Con lo que acabo de resumir tenemos las últimas cuatro novelas de Márkaris, cuyo máximo interés llegó a ser el modo en que refleja la crisis, aunque me da la sensación de que cada vez lo ha hecho de un modo más peliculero, lo cual afirmo no solo por esta novela, sino por el la fallida «predicción» de que Grecia iba a abandonar el euro (en la anterior) y por comienzo de la siguiente, Offshore, que acabo de empezar a leer.

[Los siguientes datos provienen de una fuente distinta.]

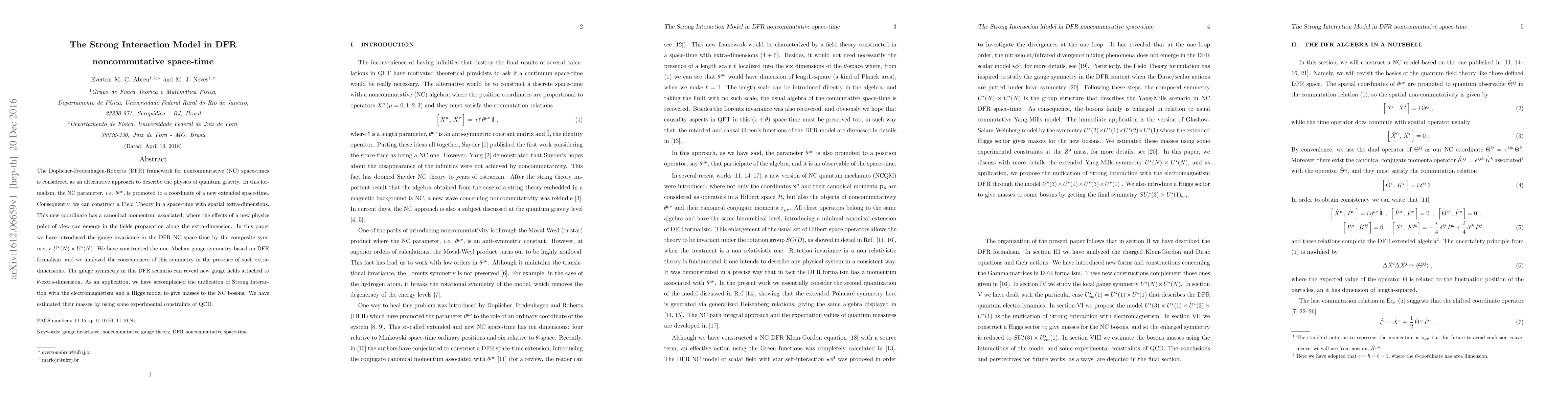 This paper explores the Doplicher-Fredenhagen-Roberts (DFR) framework for noncommutative space-time, introducing gauge invariance and constructing a non-Abelian gauge symmetry. It unifies Strong Interaction with electromagnetism and a Higgs model, estimating masses for noncommutative bosons using QCD constraints.
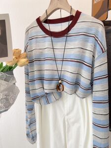 二本线(索罗娜领口)大码240斤条纹圆领防晒长袖t恤女夏季宽松上衣
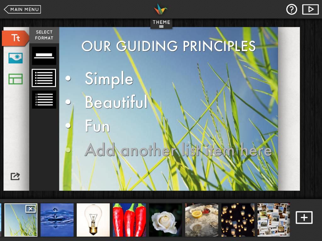 Haiku Deck is a simple and useful tool, though its interface looks little outdated. You can choose from a range of fonts, polished layouts, image filters , and more to create professionally designed presentations. It gives you access to 40+ million stock images on varied subjects that fit in almost every project.
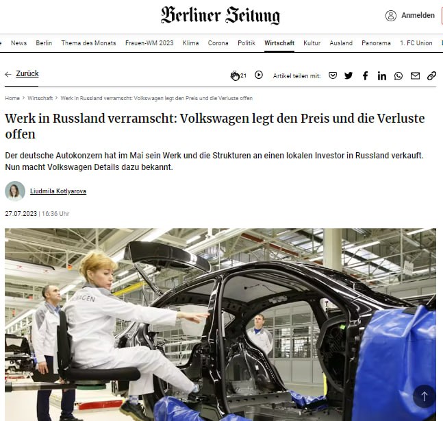 Berliner Zeitung: немецкий автоконцерн понёс €400 млн убытков от закрытия бизнеса в России.
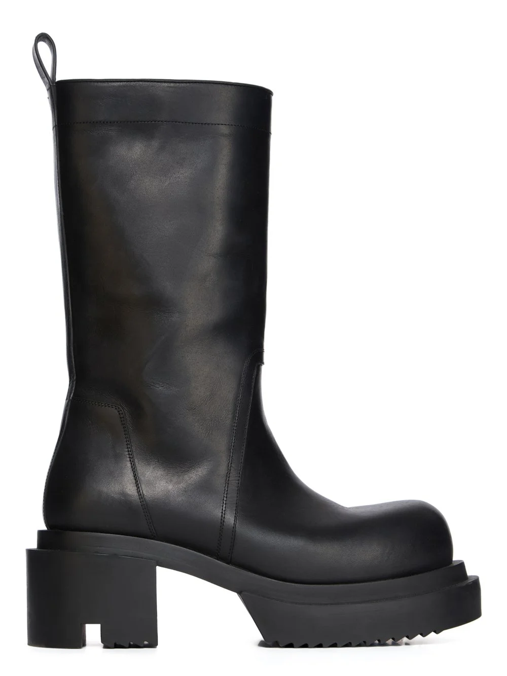 RICK OWENS FW25 CONCORDIANS CALF PULL ON BOGUN IN BLACK GROPPONE COW LEATHER THESE CALF PULL ON BOGUN BOOTS ARE MID CALF HEIGHT. THEY HAVE A PULL ON BOOT UPPER, A TOPSTITCHED SEAM ARCING OVER THE FRONT FOOT AND A STITCHED HEEL COUNTER. IT HAS A BACK PULL TAB AND A ROUNDED TOE. THEY FEATURE A BOGUN RUBBER MEGA CREEPER SOLE WITH A TOOTHED SQUARE HEEL THIS HEAVYWEIGHT COW LEATHER IS VEG TANNED AND FINISHED USING NATURAL WAXES. BECAUSE THIS SKIN IS NAKED, NOT FINISHED USING ANY PIGMENTS COVERING THE SKIN, NATURAL MARKINGS AND SHADINGS ARE VISIBLE WHICH MAKES EACH SKIN AND PRODUCT UNIQUE VEG TANNING MEANS ONLY VEGETAL AND NATURAL TANNINS WERE USED IN THE PROCESS OF TANNING AND PRESERVING THIS LEATHER THIS TANNERY IS LWG CERTIFIED WITH A GOLD RATING COLOR: BLACK MATERIAL: UPPER 100% COW LEATHER LINING 100% CALF LEATHER INSOLE 100% CALF LEATHER SOLE 100% THERMOPLASTIC POLYURETHANE SOLE AT HEEL 6CM - SOLE AT TOE 3CM

                ¿Y si tengo una opinión tan regular de estas últimas novelas por qué voy a leer la siguiente y luego la última? Porque, como he dicho antes, como le tengo cariño al personaje hace tiempo que me propuse leer toda la serie. Entonces no imaginé que la eventual decadencia de Grecia correría pareja a la de la calidad de las novelas de Márkaris, pero siento que se lo debo al antiguo Jaritos. Nadie podrá decir que no he tratado de reencontrarme con él hasta el final.